AVAILABLE DATA
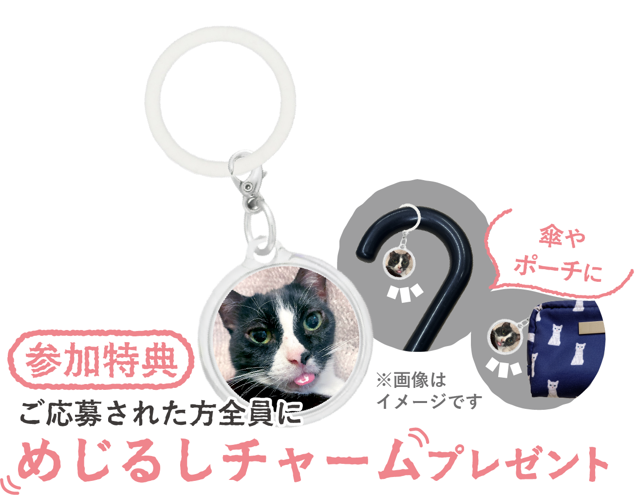 ご応募されたお写真で「めじるしチャーム」を1個作製の上進呈いたします。「めじるしチャーム」は弊社指定のもので、お写真の配置やトリミング、レイアウトは弊社にて行わせていただきます。こちらに関してのご要望等はお受けいたしかねます。
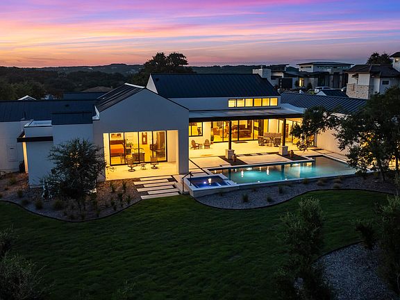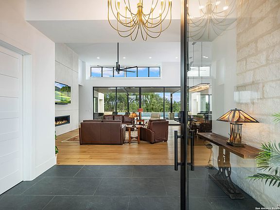 Discover 11136 Barreal, a stunning newly built modern ranch-style home in the exclusive Pecan Springs community of Boerne, TX. Offering 5,173 sq. ft., this luxury residence features 4 bedrooms with private en-suites, soaring ceilings, and walls of windows that flood the home with natural light. The chef's kitchen boasts waterfall quartzite countertops, custom cabinetry, and premium appliances, seamlessly connecting to the spacious living and dining areas with a sleek fireplace centerpiece. Retreat to the primary suite oasis with pool views, spa-inspired bath, soaking tub, oversized shower, and dual vanities. Enjoy resort-style outdoor living with a covered patio, sparkling pool, and spa, all set against beautifully landscaped grounds. Additional highlights include wide-plank hardwood floors, designer lighting, a gated driveway, and a side-entry garage-all just minutes from downtown Boerne, top-rated schools, and Hill Country attractions.
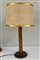 Lampada da tavolo in metallo dorato a finto bambù, base in legno e paralume in stoffa. Italia, anni '70. (h cm 67) (difetti)
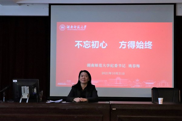 (通讯员 曹慧娟 黄思颖 郭校语)10月21日下午,校纪委书记姚春梅在数学与统计学院309报告厅为该院师生党员作“不忘初心,方得始终”主题报告。报告会由数学与统计学院党委书记颜中玉主持。
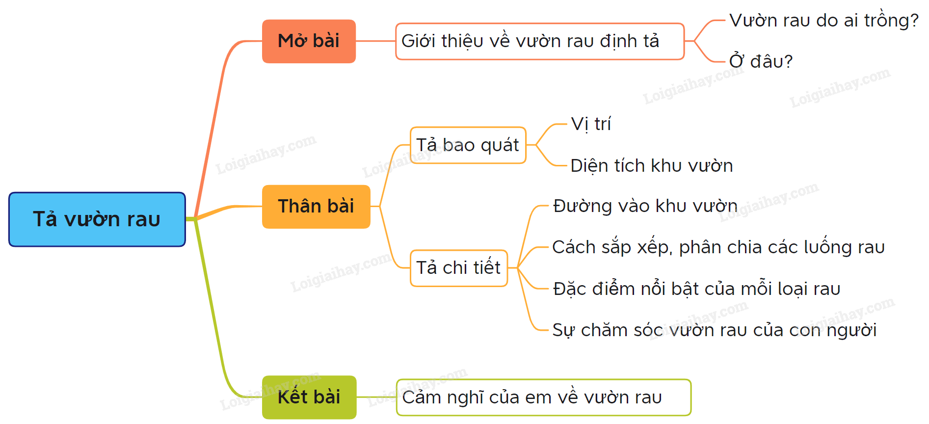 Vườn rau không lớn, chỉ khoảng 10m vuông, được bà rào quanh bằng gậy tre, tranh lũ gà, vịt hay chú Lích nhà em chạy vào quậy phá. Luống rau được phân thành nhiều vồng nhỏ song song với chiều rộng của luống. Cứ năm vồng lại cách một rãnh nhỏ rộng chừng một gang tay em, dùng làm lối đi lại trong luống để chăm sóc hoặc thu hoạch rau. Trong từng vồng, cải đã lên cao chừng hai mươi xen-ti-mét. Những cây cải xanh non, tươi roi rói dưới lớp sương mỏng ban sáng. Những ngọn lá phía dưới cùng to bản, hình bầu dục như những chiếc dép xanh xếp xòe tròn quanh gốc, là là trên mặt đất. Lớp lá phía trên là lá non, ngắn và nhỏ hơn, úp vào nhau như còn ngại ngùng nắng gió. Ở một số cây cải, hoa nở vàng rộ, năm cánh xòe rộng, rung rinh trước gió trông thật là đẹp.
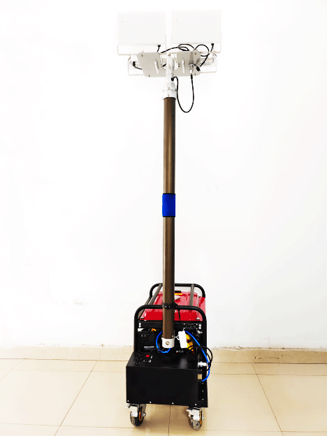 4.通過無線遙控可在50米范圍內分別控制每盞燈的開啟和關閉,使用電動或手動氣泵可快速控制伸縮氣桿的升降。
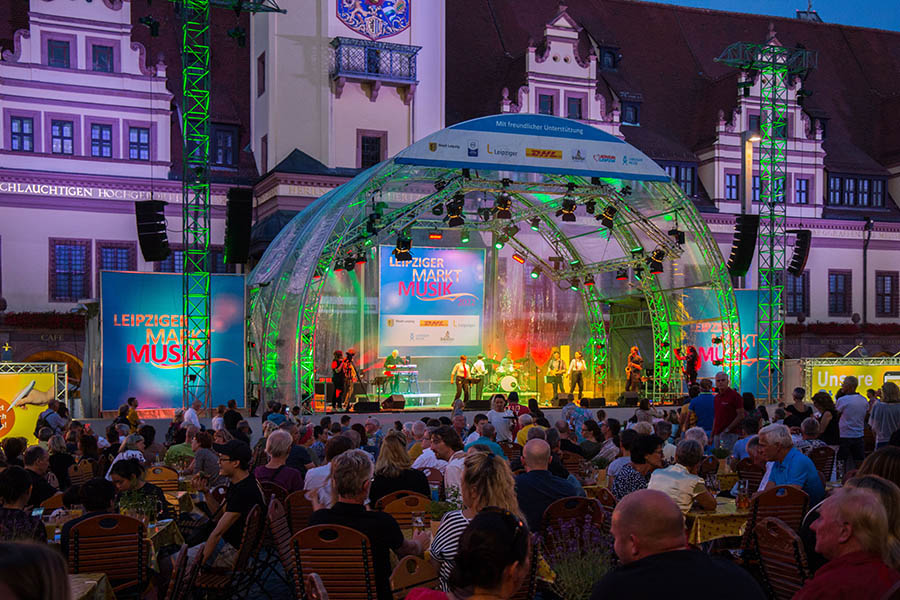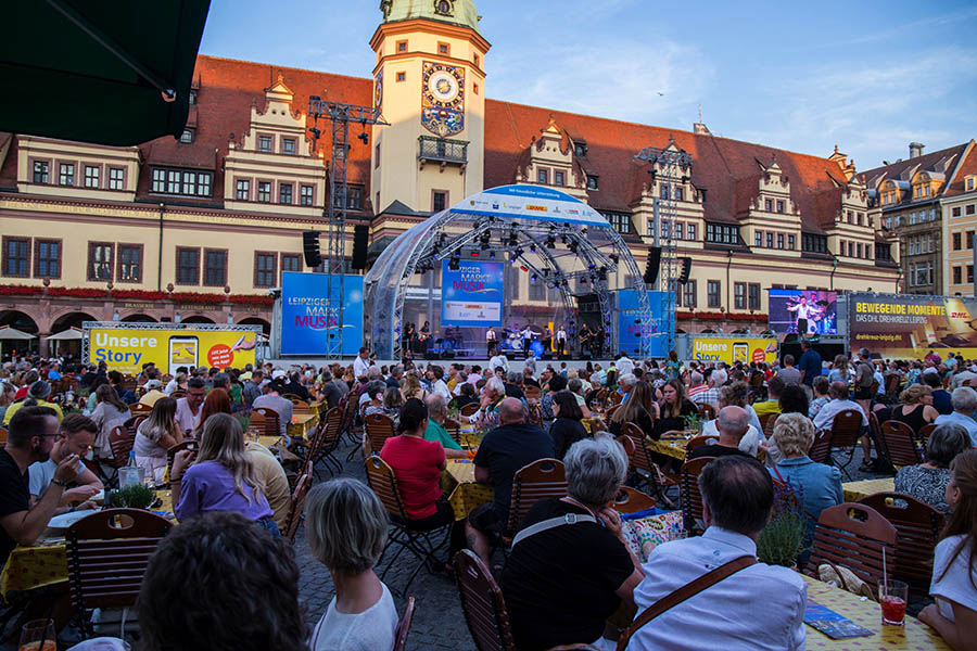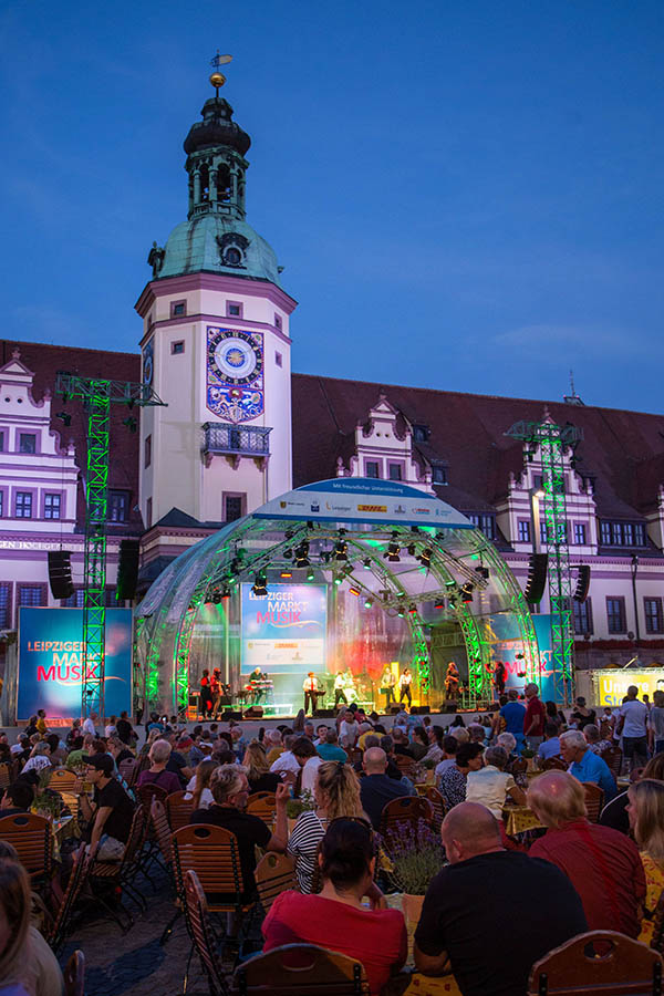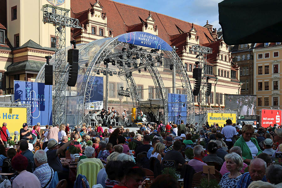 Auf ihrer Abschiedstournee schauen im August 2025 sogar The Rubettes vorbei. Von den Gründungsmitgliedern der britischen Popband ist zwar nur noch Keyborder Bill Hurd dabei. Doch wenn die Ohrwürmer von einst erklingen, stört dies kaum jemanden. Die Leipziger Markt Musik, der Nachfolger der legendären Classic Open, begeistert jeweils im August zehn Tage lang ihr Publikum vor der Kulisse des Alten Rathauses. Die Veranstaltung hat sich längst einen festen Platz im Sommerkalender der Stadt erobert. Das Publikum schätzt die Atmosphäre an den sommerlichen Abenden bei entspannter Stimmung und lauschiger Musik. Möglich wird die Leipziger Markt Musik – das Doppel-M im Namen soll Zufall sein – durch eine Reihe von Sponsoren.
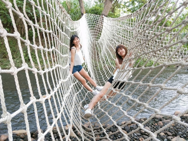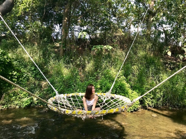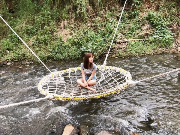 其中「水中鞦韆」絕對是一大亮點!悠閒地躺坐在溪流上鞦韆搖晃,聽著潺潺水聲、欣賞眼前綠意美景,盡情沉浸於大自然當中好Chill!
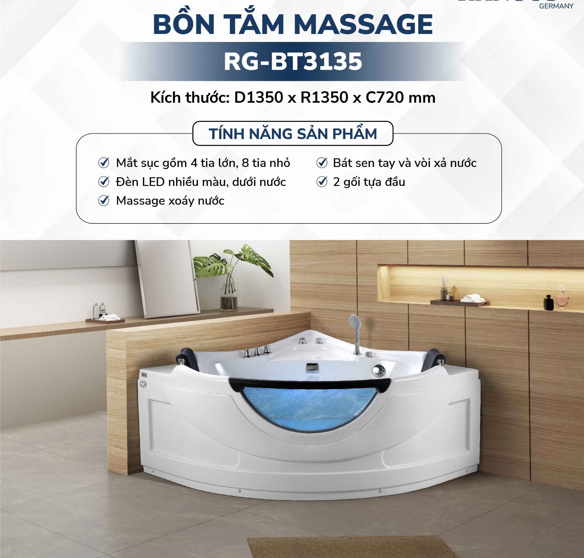 - RG-BT3135 bao gồm hệ thống mắt sục 4 tia lớn + 8 tia nhỏ kết hợp tạo nên xoáy nước massage với lực tác động tự nhiên của dòng nước đến các vị trí cần thư giãn trên cơ thể bạn như: Lưng, hông, đùi, … các cơ bắp dường như được thả lỏng và thư giãn tối đa góp phần chữa lành và khôi phục tinh thần 1 cách nhanh chóng nhất.
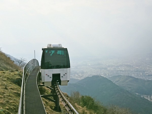 海拔高度662公尺的皿倉山,擁有「百億美元夜 景」,更是日本新三大夜景地之一。山頂上的草原 廣場白天是家族踏青野餐的好去處,晚上則是情侶 約會必訪的浪漫景點。旅客可以搭乘帆柱登山纜車 以及皿倉山纜車,透過玻璃窗欣賞傲人景致。

WORK INSTRUCTIONS
Leaving out the pictures, restate the listing above exactly.

REPLY
 ご応募されたお写真で「めじるしチャーム」を1個作製の上進呈いたします。「めじるしチャーム」は弊社指定のもので、お写真の配置やトリミング、レイアウトは弊社にて行わせていただきます。こちらに関してのご要望等はお受けいたしかねます。
 Discover 11136 Barreal, a stunning newly built modern ranch-style home in the exclusive Pecan Springs community of Boerne, TX. Offering 5,173 sq. ft., this luxury residence features 4 bedrooms with private en-suites, soaring ceilings, and walls of windows that flood the home with natural light. The chef's kitchen boasts waterfall quartzite countertops, custom cabinetry, and premium appliances, seamlessly connecting to the spacious living and dining areas with a sleek fireplace centerpiece. Retreat to the primary suite oasis with pool views, spa-inspired bath, soaking tub, oversized shower, and dual vanities. Enjoy resort-style outdoor living with a covered patio, sparkling pool, and spa, all set against beautifully landscaped grounds. Additional highlights include wide-plank hardwood floors, designer lighting, a gated driveway, and a side-entry garage-all just minutes from downtown Boerne, top-rated schools, and Hill Country attractions.
 Lampada da tavolo in metallo dorato a finto bambù, base in legno e paralume in stoffa. Italia, anni '70. (h cm 67) (difetti)
 (通讯员 曹慧娟 黄思颖 郭校语)10月21日下午,校纪委书记姚春梅在数学与统计学院309报告厅为该院师生党员作“不忘初心,方得始终”主题报告。报告会由数学与统计学院党委书记颜中玉主持。
 Vườn rau không lớn, chỉ khoảng 10m vuông, được bà rào quanh bằng gậy tre, tranh lũ gà, vịt hay chú Lích nhà em chạy vào quậy phá. Luống rau được phân thành nhiều vồng nhỏ song song với chiều rộng của luống. Cứ năm vồng lại cách một rãnh nhỏ rộng chừng một gang tay em, dùng làm lối đi lại trong luống để chăm sóc hoặc thu hoạch rau. Trong từng vồng, cải đã lên cao chừng hai mươi xen-ti-mét. Những cây cải xanh non, tươi roi rói dưới lớp sương mỏng ban sáng. Những ngọn lá phía dưới cùng to bản, hình bầu dục như những chiếc dép xanh xếp xòe tròn quanh gốc, là là trên mặt đất. Lớp lá phía trên là lá non, ngắn và nhỏ hơn, úp vào nhau như còn ngại ngùng nắng gió. Ở một số cây cải, hoa nở vàng rộ, năm cánh xòe rộng, rung rinh trước gió trông thật là đẹp.
 4.通過無線遙控可在50米范圍內分別控制每盞燈的開啟和關閉,使用電動或手動氣泵可快速控制伸縮氣桿的升降。
 Auf ihrer Abschiedstournee schauen im August 2025 sogar The Rubettes vorbei. Von den Gründungsmitgliedern der britischen Popband ist zwar nur noch Keyborder Bill Hurd dabei. Doch wenn die Ohrwürmer von einst erklingen, stört dies kaum jemanden. Die Leipziger Markt Musik, der Nachfolger der legendären Classic Open, begeistert jeweils im August zehn Tage lang ihr Publikum vor der Kulisse des Alten Rathauses. Die Veranstaltung hat sich längst einen festen Platz im Sommerkalender der Stadt erobert. Das Publikum schätzt die Atmosphäre an den sommerlichen Abenden bei entspannter Stimmung und lauschiger Musik. Möglich wird die Leipziger Markt Musik – das Doppel-M im Namen soll Zufall sein – durch eine Reihe von Sponsoren.
 其中「水中鞦韆」絕對是一大亮點!悠閒地躺坐在溪流上鞦韆搖晃,聽著潺潺水聲、欣賞眼前綠意美景,盡情沉浸於大自然當中好Chill!
 - RG-BT3135 bao gồm hệ thống mắt sục 4 tia lớn + 8 tia nhỏ kết hợp tạo nên xoáy nước massage với lực tác động tự nhiên của dòng nước đến các vị trí cần thư giãn trên cơ thể bạn như: Lưng, hông, đùi, … các cơ bắp dường như được thả lỏng và thư giãn tối đa góp phần chữa lành và khôi phục tinh thần 1 cách nhanh chóng nhất.
 海拔高度662公尺的皿倉山,擁有「百億美元夜 景」,更是日本新三大夜景地之一。山頂上的草原 廣場白天是家族踏青野餐的好去處,晚上則是情侶 約會必訪的浪漫景點。旅客可以搭乘帆柱登山纜車 以及皿倉山纜車,透過玻璃窗欣賞傲人景致。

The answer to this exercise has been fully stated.